Next, we evaluate the impact of DDOS parameters on the following metrics: (1) Average True Spin Detection Rate (TSDR), which is the percentage of spin-inducing branches accurately identified by DDOS; (2) Average False Spin Detection Rate (FSDR), which is the percentage of non-spininducing branches incorrectly classified as spin-inducing; and (3) Avg. Detection Phase Ratio (DPR), which is the average ratio of the detection phase duration of a branch to the cycles executed from the first encounter to the last encounter of the branch. The detection phase duration of a branch measures how many cycles were required to confirm a branch as a spin-inducing branch after its first encounter. For SIBs it is preferable to have a short detection phase. Table I shows the sensitivity of these metrics to the different design parameters averaged over all our benchmarks (see Section V for details).

Hashing Function: The top sub-table in Table I studies the impact of XOR and MODULO hashing.
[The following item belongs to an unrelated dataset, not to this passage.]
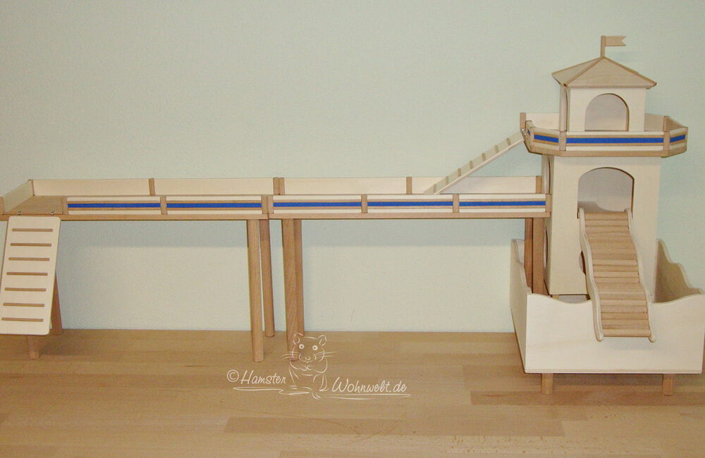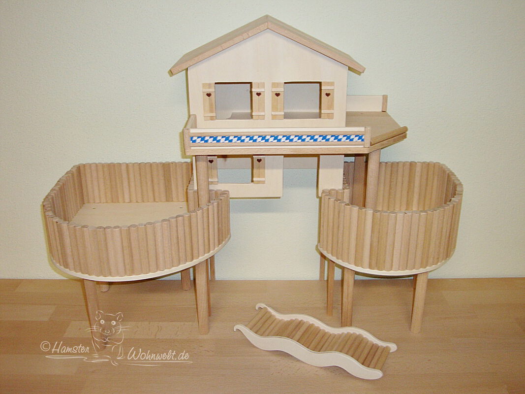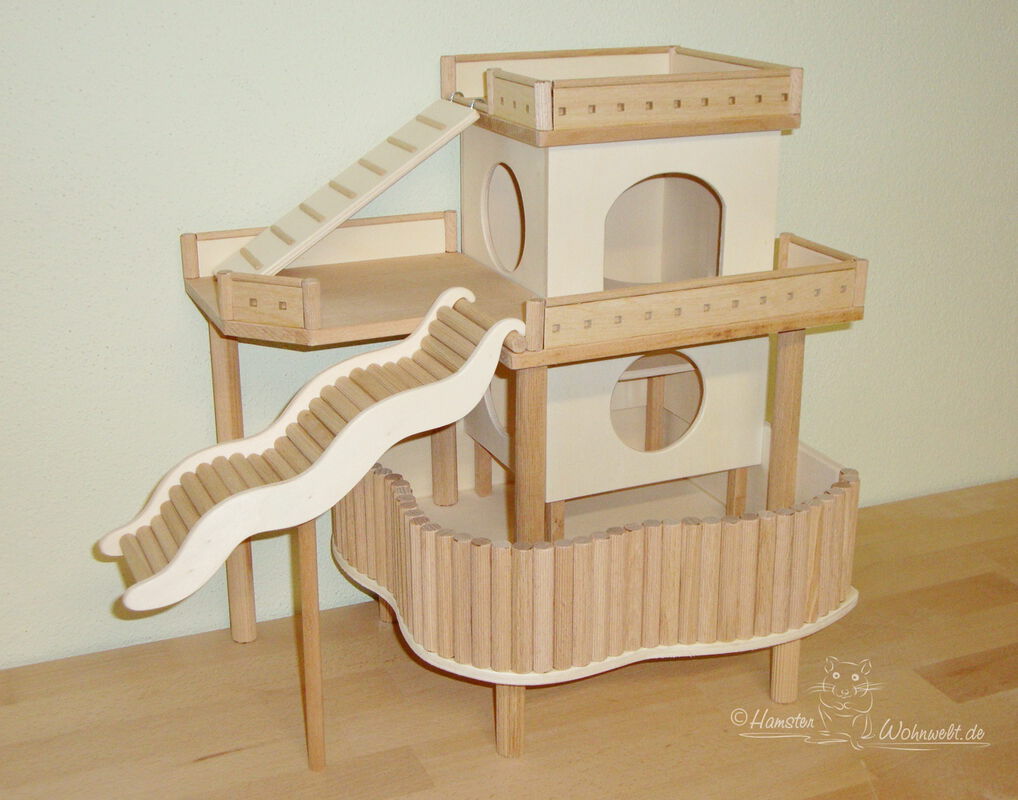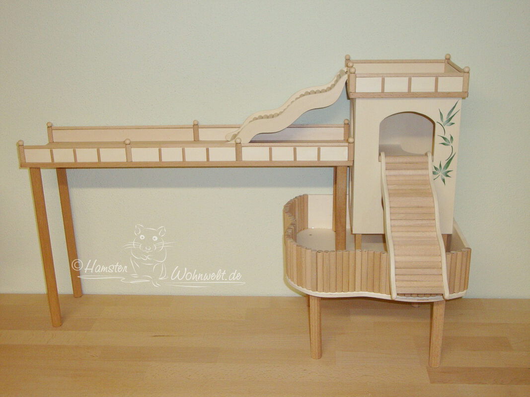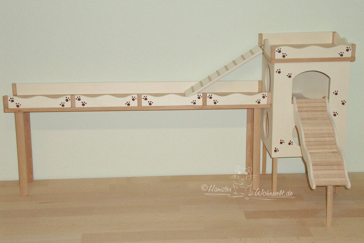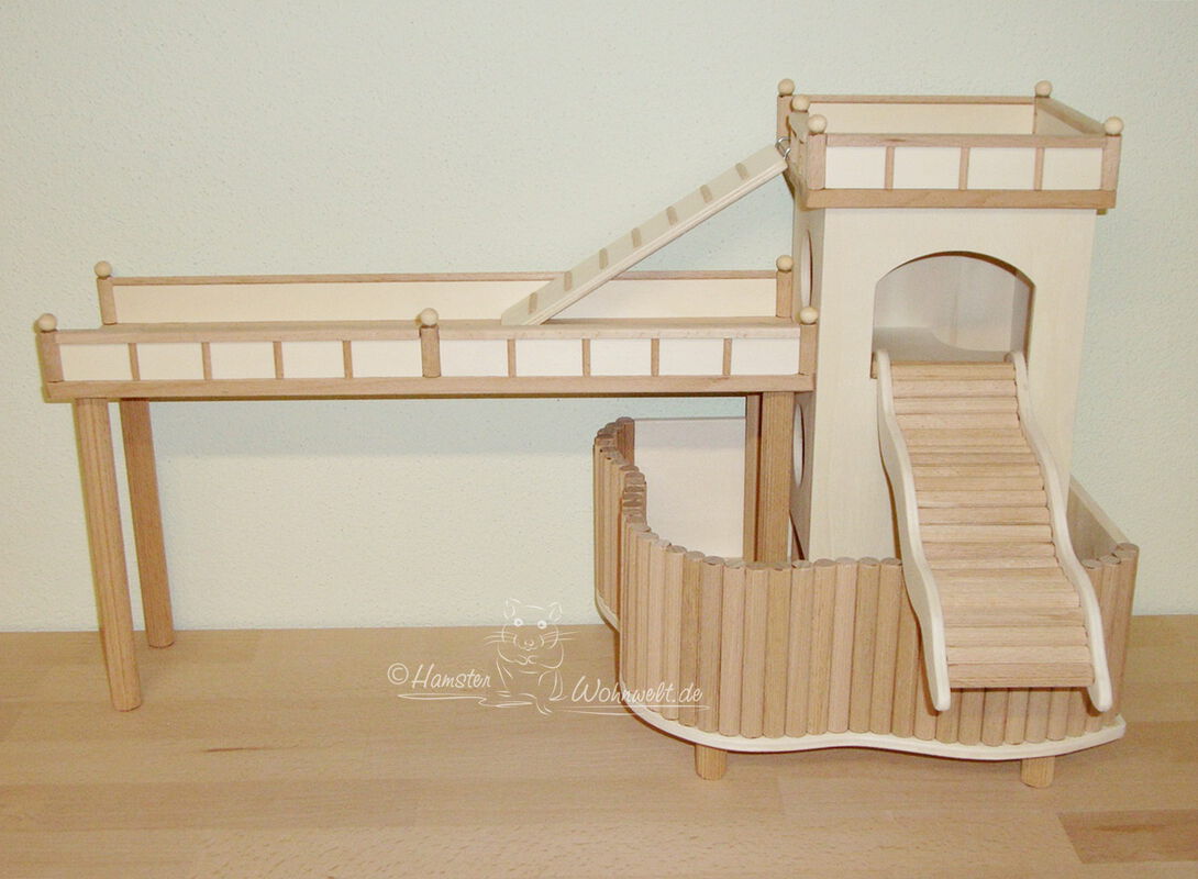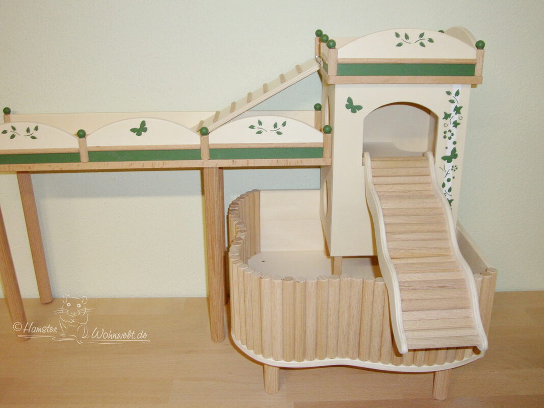 Grundsätzlich beinhaltet ein Kletterturm ein oder zwei einhängbare, gerade Rampen für den Auf- und Abstieg des Turmdaches sowie des vorderen, oberen Durchgangslochs. Diese Rampen tausche ich auf Wunsch gern durch eine geschwungene Abenteuerbrücke aus, die dann dort eingehängt wird. Diese Brücken geben dem Tier guten Halt durch die geriffelte Oberfläche, und somit wird für dem Nager das Beklettern sicherer und auch noch im hohen Alter möglich gemacht.

In XOR hashing, the values inserted into the path register are hashed as follows (PC[m-1:0] xor PC[2m-1:m] xor PC[3m-1:2m] ... xor PC[31:32-m]), where PC is the program counter at the execution of a setp instruction. The value register XOR hashes are computed similarly but using the source registers

| Sensitivity to the hashing function "h" at t=4 and 1=8                                   |           |          |           |          |  |
|------------------------------------------------------------------------------------------|-----------|----------|-----------|----------|--|
| h                                                                                        | Avg. TSDR | Avg. DPR | Avg. FSDR | Avg. DPR |  |
| XOR, m=k=4                                                                               | 1         | 0.041    | 0.016     | 0.006    |  |
| XOR, m=k=8                                                                               | 1         | 0.041    | 0         | -        |  |
| MODULO, m=k=4                                                                            | 1         | 0.041    | 0.17      | 0.014    |  |
| MODULO, m=k=8                                                                            | 1         | 0.041    | 0.104     | 0.001    |  |
| Sensitivity to the Hashed Path/Value Width "m/k" at t=4, 1=8, and h=XOR                  |           |          |           |          |  |
| m/k                                                                                      | Avg. TSDR | Avg. DPR | Avg. FSDR | Avg. DPR |  |
| 2                                                                                        | 1         | 0.042    | 0.078     | 0.062    |  |
| 3                                                                                        | 0.983     | 0.074    | 0.012     | 0.008    |  |
| 4                                                                                        | 1         | 0.041    | 0.016     | 0.006    |  |
| 8                                                                                        | 1         | 0.041    | 0         | 0        |  |
| Sensitivity to Confidence Threshold "t" at m=k=4, l=8, and h=XOR                         |           |          |           |          |  |
| t                                                                                        | Avg. TSDR | Avg. DPR | Avg. FSDR | Avg. DPR |  |
| 2                                                                                        | 1         | 0.03     | 0.027     | 0.016    |  |
| 4                                                                                        | 1         | 0.041    | 0.016     | 0.006    |  |
| 8                                                                                        | 1         | 0.075    | 0.002     | 0.002    |  |
| 12                                                                                       | 0.992     | 0.105    | 0.002     | 0.003    |  |
| Sensitivity to the History Registers Length "'I" at t=4, m=k=8. and h=XOR                |           |          |           |          |  |
| 1                                                                                        | Avg. TSDR | Avg. DPR | Avg. FSDR | Avg. DPR |  |
| 1                                                                                        | 0         | 0        | 0         | 0        |  |
| 2                                                                                        | 0         | 0        | 0         | 0        |  |
| 4                                                                                        | 0.625     | 0.032    | 0         | 0        |  |
| 8                                                                                        | 1         | 0.041    | 0         | 0        |  |
| Sensitivity to Time Sharing of History Registers "sh" at 1=8, t=4, h=XOR, and epoch=1000 |           |          |           |          |  |
| sh                                                                                       | Avg. TSDR | Avg. DPR | Avg. FSDR | Avg. DPR |  |
| 0, m=k=4                                                                                 | 1         | 0.041    | 0.016     | 0.006    |  |
| 0, m=k=8                                                                                 | 1         | 0.041    | 0         | 0        |  |
| 1, m=k=4                                                                                 | 0.642     | 0.211    | 0.033     | 0.023    |  |
| 1, m=k=8                                                                                 | 0.642     | 0.211    | 0.026     | 0.003    |  |

Table I: DDOS Sensitivity to Design Parameters.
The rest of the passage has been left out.